Trátala como un contrato: URL estable, versionada junto al código, y aviso a los consumidores antes de cambiar nada. Una API bien documentada baja el coste de onboarding de semanas a horas.
Versionado de APIs
Las APIs empresariales evolucionan. Tu estrategia de versionado tiene que permitir cambios sin romper a quien ya integró contigo. Las tres vías clásicas son por URL (/api/v1/, /api/v2/), por header (Accept: application/vnd.api+json;version=2) o por parámetro de consulta. JSON:API en Drupal no trae versionado nativo, así que tendrás que montarlo con routing custom o un reverse proxy delante.
Define una política de deprecación clara antes de que la necesites. La práctica habitual es mantener N-1 (la versión actual y la anterior) con al menos seis meses de aviso antes de retirar nada. Comunícalo por email, por headers de deprecation y en la propia documentación.
Rendimiento bajo carga
Las APIs con tráfico real necesitan optimización seria. Configura cache HTTP con headers correctos (Cache-Control, ETag, Last-Modified) para que las respuestas estables se sirvan desde Varnish o CDN sin tocar Drupal. Esa sola medida puede dividir tu carga por diez.
Educa a los consumidores para que usen sparse fieldsets y pidan solo lo que pintan. Y en colecciones grandes, paginación por cursor en lugar de offset: el rendimiento se mantiene constante aunque la colección crezca a millones de registros.
Monitorización: lo que no mides, no controlas
Mide peticiones por endpoint, tiempos en p50/p95/p99, tasas de error y patrones raros. New Relic, Datadog o Grafana con Prometheus son las opciones cómodas. Para algo más austero, los logs del servidor web pasados por ELK o Loki te llevan lejos.
Tres escenarios reales
Para aterrizar todo esto, así se combinan las piezas en proyectos típicos de empresas españolas.

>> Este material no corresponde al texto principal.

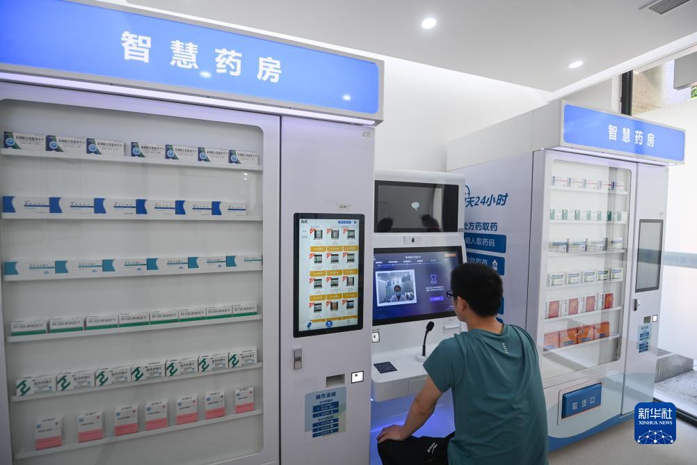 7月25日,居民在諸暨市浣東街道東盛社區衛生服務站的智慧藥房內進行遠程問診,問診完畢后可以開具處方并配好日常用藥。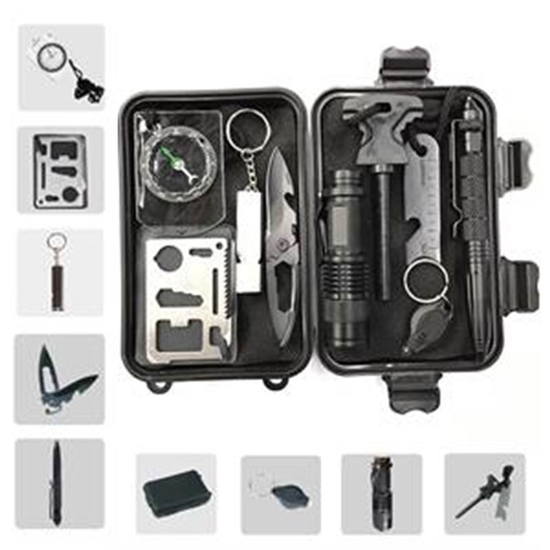 3.All in One Multi Survival Tool Kit: 13 in 1 Emergency Survival Kit contains: Upgrade survival knife, Pocket bellow, Wire saw, Water Bottle Clip, Emergency Blanket, Flint stone Scraper, Flashlight, Credit Card Knife, Multi-use Spoon Fork, Carabiner, and Waterproof Box. It is the cool gadgets for men. Pls check inventory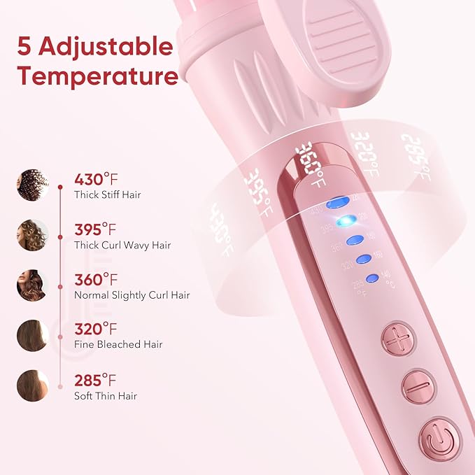 1.50 Inch Curling Iron, 5 Temperature Settings, Professional Spring Hair Iron for All Hair Types, Max 430℉ with Heat Resistant Mat (1 1/2 Inch Pink)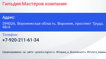 Гильдия Мастеров, компания по адресу 394026, Воронежская область, Воронеж, проспект Труда, 48/6 в дальнейшем Организация, размещена в следующих категориях: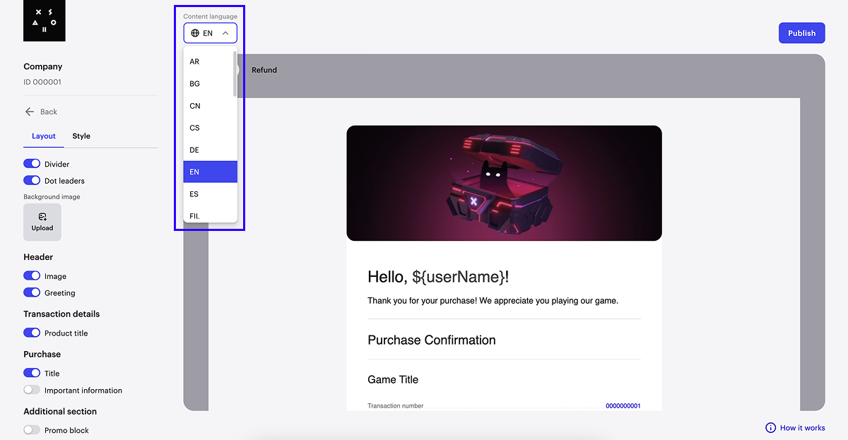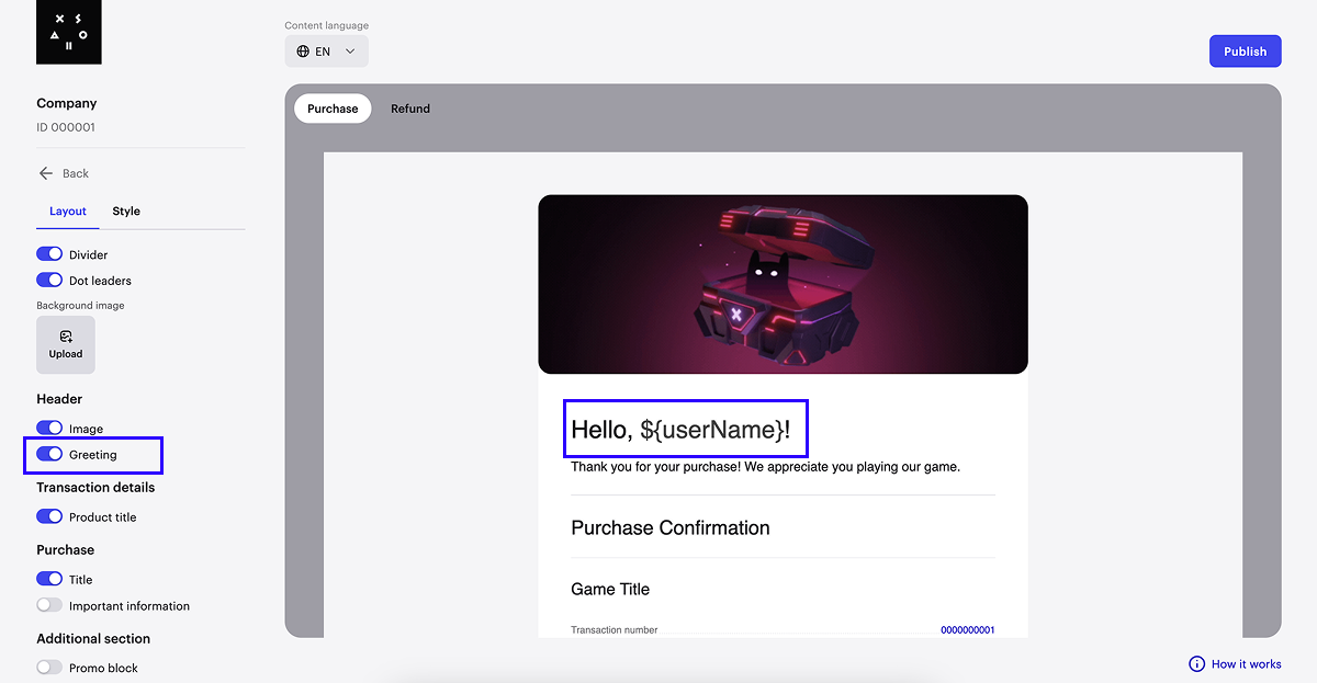 - Para ver como o tema se parece em e-mails para compras bem-sucedidas e reembolsos de pagamento, troque entre as abas Purchase e Refund.

Portal corporativo multicanal: JSON:API sirve contenido a la web, a una app móvil nativa y a pantallas en oficinas. Cada canal pide los campos que necesita y los editores trabajan en una sola interfaz.
Ecommerce sincronizado: el ERP empuja catálogo y stock vía API, la ficha de producto consulta precios en tiempo real y los pedidos viajan a logística por webhook en cuanto se confirma la compra.

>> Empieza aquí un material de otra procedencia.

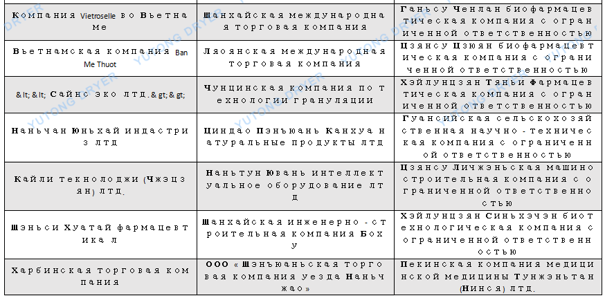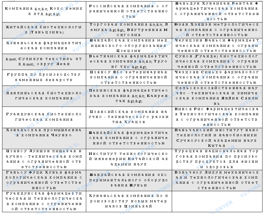 Список пользователей сушилки для распыления экстрактов ZPG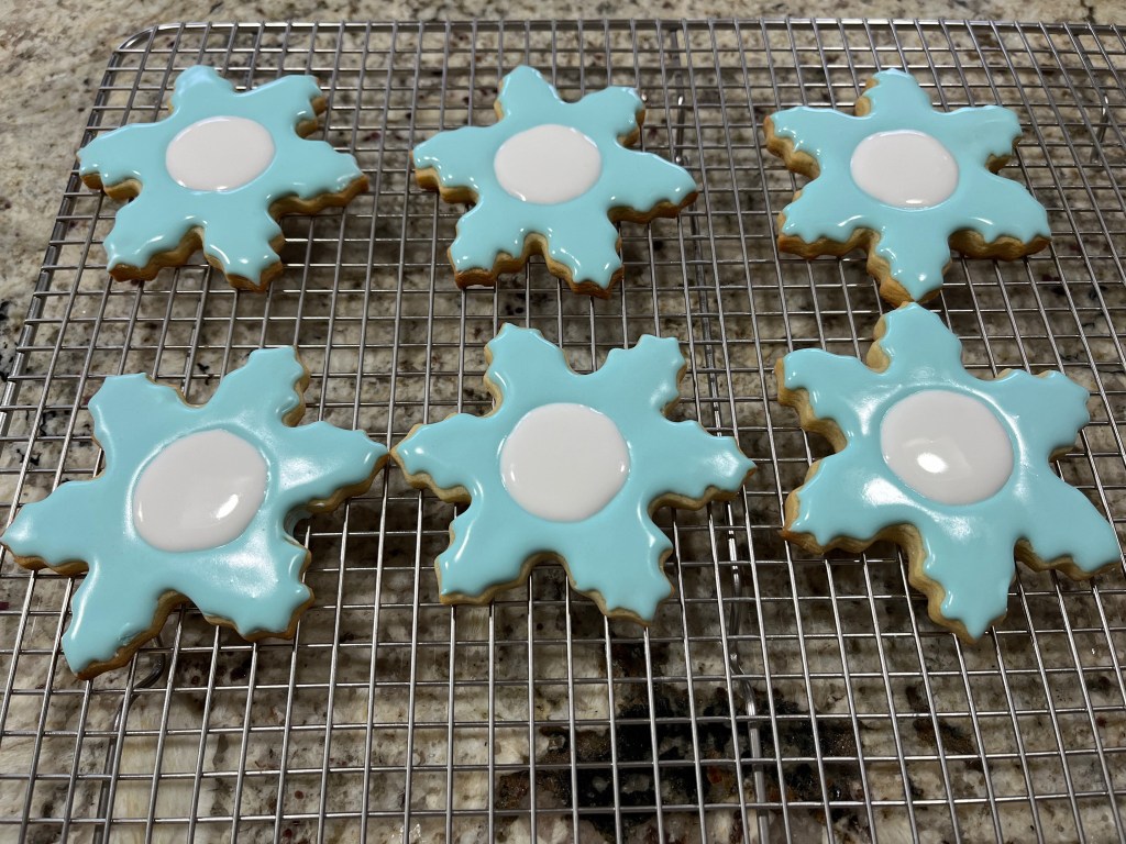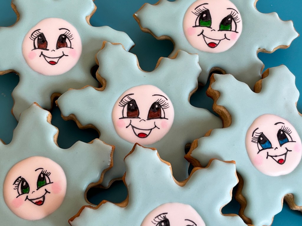 Start by flooding the snowflake shape with a very light blue color, leaving an empty circle in the center for the face…

Intranet conectada: Drupal consume APIs de RRHH para el directorio, del sistema de reservas para salas y del calendario corporativo para eventos. Y a la vez expone su propia API para que el chatbot interno responda preguntas sobre políticas publicadas como contenido estructurado.

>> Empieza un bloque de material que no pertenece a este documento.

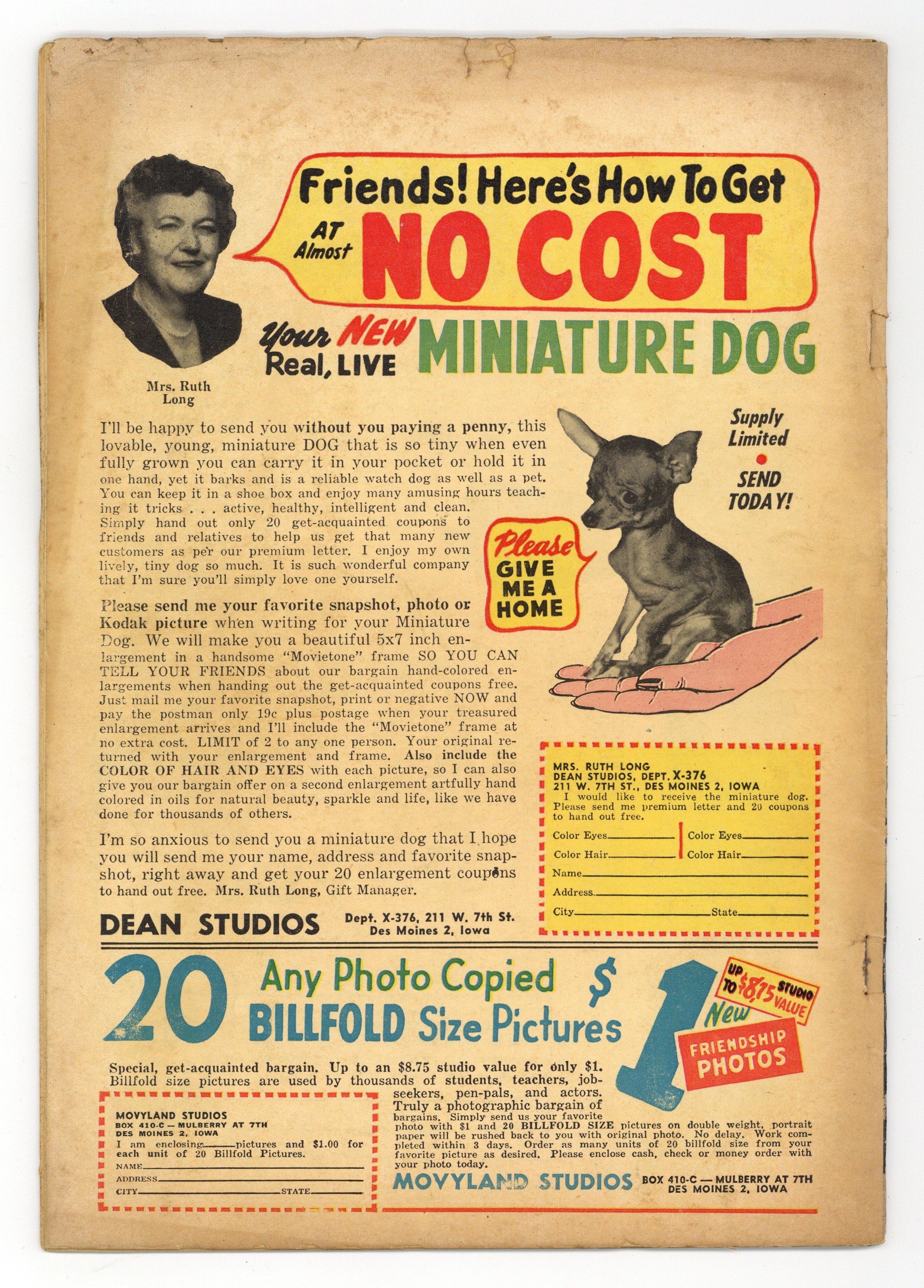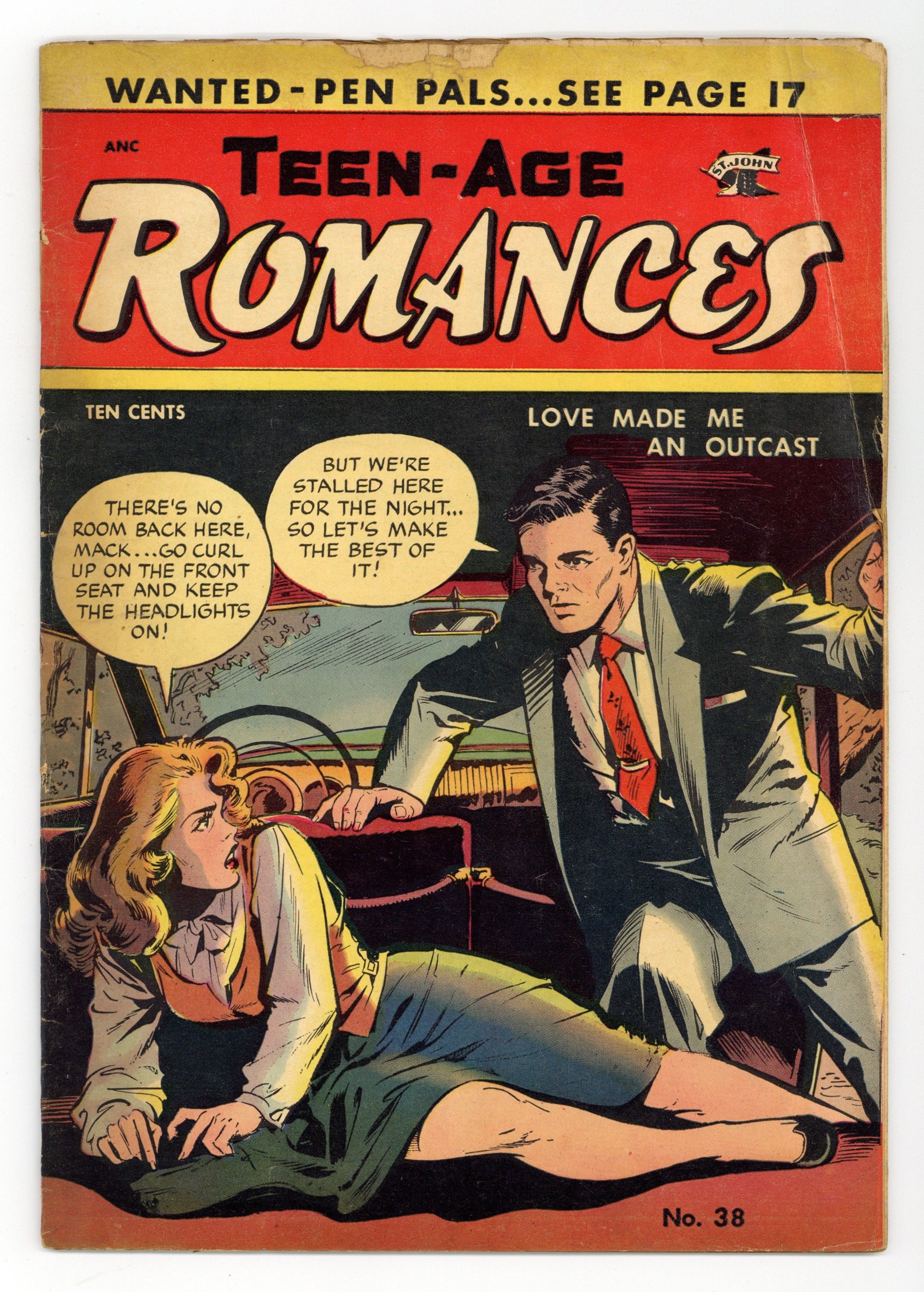 Cover by Matt Baker. Stories and art by Matt Baker and Dana Dutch. Tales of teen angst and amour, often featuring art and covers by celebrated good-girl artist Matt Baker. Kathy finally meets Tom, a nice guy who actually likes her, but his sister's jealousy and gossip could ruin everything, in a story with art by Baker. In another Baker story, Betty dates bad boy Harry despite the warnings of her friends and parents, but when she finally sees the truth about him, he threatens to ruin her reputation. Reputations are also foremost in the thoughts of Jane when she starts dating wealthy Ron, and she keeps it secret from her real friends like Bud. Saucy pre-Code cover by Baker. I Threw Away My Reputation on a Worthless Love; My Double-Life Caught Up with Me; I Talked Myself into Love Troubles; Two-Timing Taught Me to Love. 32 pages, Full Color. Cover price $0.10.

Si necesitas diseñar e implementar todo esto sin tropezar con los errores típicos, ponte en contacto con nuestro equipo de arquitectura Drupal y diseñamos juntos la estrategia de integración que tu empresa necesita.
Lo que te llevas
Construir un ecosistema de APIs con Drupal convierte tu web en el centro neurálgico del stack, no en una isla más. JSON:API resuelve el caso estándar y GraphQL cubre la flexibilidad de los proyectos con consumidores heterogéneos. La combinación es lo que hace fuerte la propuesta.
El secreto: pensar a largo plazo desde el día uno. Autenticación robusta, documentación como contrato, versionado planificado y monitorización que te deje evolucionar con tranquilidad. Las empresas que dominan sus APIs dominan su flujo de información, y eso se nota en la cuenta de resultados antes de lo que parece.